The growth stimulating effects of the incretins have long been known, and it was initially hoped that they would stimulate regeneration of pancreatic β cells and reverse the progression of diabetes. However, duct cells in the mammalian exocrine pancreas also carry the GLP-1 receptor and proliferate in response to GLP-1 receptor stimulation. Pancreatic enlargement has been noted in several species, and ductal hyperplasia offers a plausible mechanism for the occurrence of acute pancreatitis, an increasingly undeniable class effect of the incretins.6 7

Postmortem studies in people who have been taking incretins confirm that the use of exenatide or sitagliptin is associated with pancreatic enlargement and morphological change.8 Regulatory documents unearthed by Cohen’s investigation provide further evidence that the incretins produce greater subclinical fluctuations in pancreatic enzymes than other treatments for diabetes. Increased concentrations of pancreatic enzymes do not prove subclinical pancreatic inflammation but are consistent with it, and silent pancreatic inflammation is associated with the development of pancreatic cancer.9 Signals that the use of the incretins may be associated with pancreatic and thyroid tumours are now clearly present in regulatory databases.10

Marked α cell and β cell hyperplasia, as well as exocrine expansion, has been seen in pancreatic tissue obtained at autopsy from people taking incretins. Hyperplasia of α cells was associated with microadenomas in three of eight pancreases examined, one of which also contained a neuroendocrine tumour. Remarkably similar findings have emerged from animal models of glucagon inhibition11 and may limit the use of this approach to treat diabetes.12

It has taken eight years from the introduction of exenatide for all this to come to light. What went wrong? It is always easy to blame the regulators—they can’t answer back. I was an adviser to the European Medicines Agency for several years and can testify to the high quality, motivation, and training of the people who work there. Nor is big pharma the evil empire. The problem lies in a system that subordinates the public interest to commercial secrecy and allows the perceived need for such secrecy to define the legal, administrative, and cultural limits of the interaction between the mirror bureaucracies of the regulators and companies. Regulatory documents released to the BMJ under the Freedom of Information Act make it abundantly clear that the European Medicines Agency raised the right questions at an early stage, but the agency took each one off the agenda when plausible responses were supplied by the applicants. Each concern was treated in isolation rather than as another clue to an emerging pattern of biological effect.
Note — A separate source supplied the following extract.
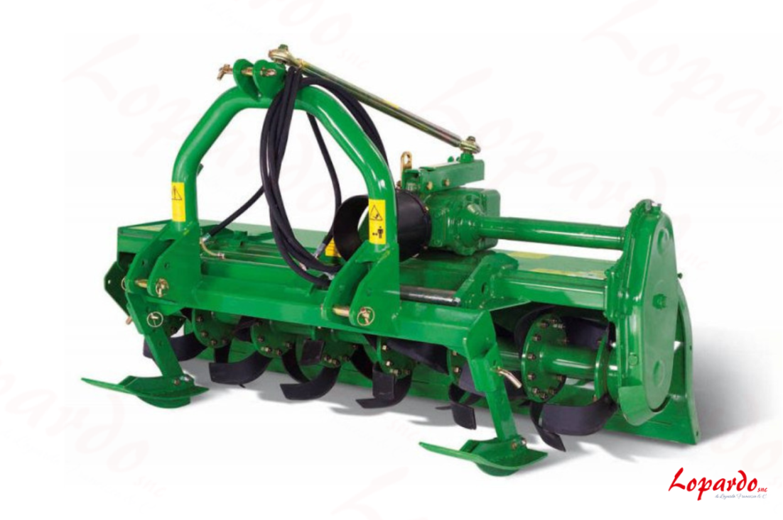 La caratteristica più importante di questa macchina è la possibilità di regolarne la posizione di lavoro in senso trasversale, grazie ad un martinetto che l’operatore può agevolmente azionare dal posto di guida della trattrice. Il rotore viene invece azionato dalla presa di forza mediante albero cardanico. La potenza massima suggerita è di 70 HP. Fra le specifiche tecniche citiamo: il doppio telaio scatolato, la trasmissione laterale ad ingranaggi, lo speciale sistema ermetico di tenuta dell’olio sui supporti del rotore, grazie al quale la macchina può lavorare in condizioni proibitive.

The fate of the incretins has yet to be determined, but it has once again been shown that current regulatory procedures are inadequate to deal with the challenges presented by drugs that act on many targets. Similar scenarios will play out again while secrecy rules and the companies control access to the data. Safety requires more than tidy paperwork or the performance of yet more clinical studies. Cohen’s investigation has shown us—if further proof is needed—how much we need transparency.